君がいてくれて。

「あ〜…。これは台風が来るね。」
「え?台風?」
天気予報を見ながらそう呟いた紘くんに樹くんはそう聞いた。
最近天気が悪くなっているなとは思っていたけれどそういうことだったんだ…。
「結構、天候が荒れるみたいだし桜も流石にほとんど散っちゃうかもね…。」
「そんな…。」
「仕方ない…。

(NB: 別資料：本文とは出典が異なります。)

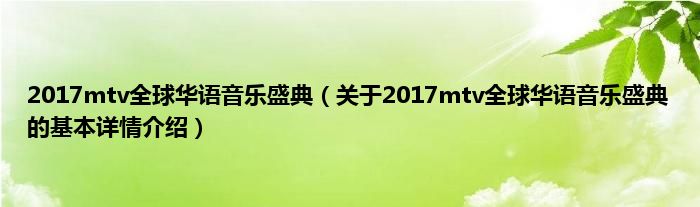 本文关于2017mtv全球华语音乐盛典的基本详情介绍就讲解完毕,希望对大家有所帮助。
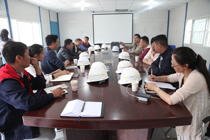 調(diào)研小組參觀了施工現(xiàn)場,聽取了工作匯報,詢問并了解了項目現(xiàn)狀及遇見的困難等。調(diào)研小組結(jié)合項目實際情況,圍繞“五位一體”、團隊建設(shè)、形象樹立等工作要求召開了座談會,對施工現(xiàn)場的平面布置、文明施工、班組管理、工期進度、成本策劃、團隊建設(shè)等工作作了相關(guān)要求和部署,對項目需要進行整改的地方提出相應(yīng)的意見和建議,公司駐項目部安全質(zhì)量總監(jiān)黃豫蜀及五〇四、五〇八直管項目部的經(jīng)理、書記、現(xiàn)場負責(zé)人共14人參會。

天気はどうしようもできないし…。」
仕方ないのはわかっているけれど悲しいなっ…。
しっかり目に焼き付けておこうっ。
そう思って今日はみんなで窓から見える桜を眺めながらお話をする事にした。

「うわっ!雨降ってきた!」
樹くんはそう叫んで窓を閉めると私達の方を見た。
話し始めて30分ぐらいが経った頃、急に強い雨が降ってきて雲の動きが速くなったのが分かった。
「本当だ。」
「あ……。桜が散っちゃう……。」
強い風で左右に大きく揺れている桜の木を見つめて私がそう言うと樹くんは悲しい笑顔を浮かべて私の隣に座った。
「だね〜…。…また来年は3人で見に行こ?」
「うんっ……!」
紘くんは一緒に見に行けてないから来年は3人で見に行けたらいいなっ…。
樹くんと紘くんも顔を見合わせて頷いている。
「そういえば!桜の花言葉って2人とも知ってる?」
そう口を開いた樹くんに私達は首を振る。
花言葉なんて調べたことないな。
「例えばね…、山桜は『あなたに微笑む。』河津桜は『思いを託す。』っていう意味があるらしいよ!」
「初めて知ったな。品種によっても花言葉が違うんだね……。」
私も初めて知った……。
「2人も調べて見て!たくさんあって僕1人じゃ覚えきれなかったからさっ!」
「そうだね。調べるの面白そう。」
「うんっ!私も調べてみたい!」
その日は結局桜まみれの話になって、今年の桜とお別れの日でもあったけれど話の桜は満開になった日だった。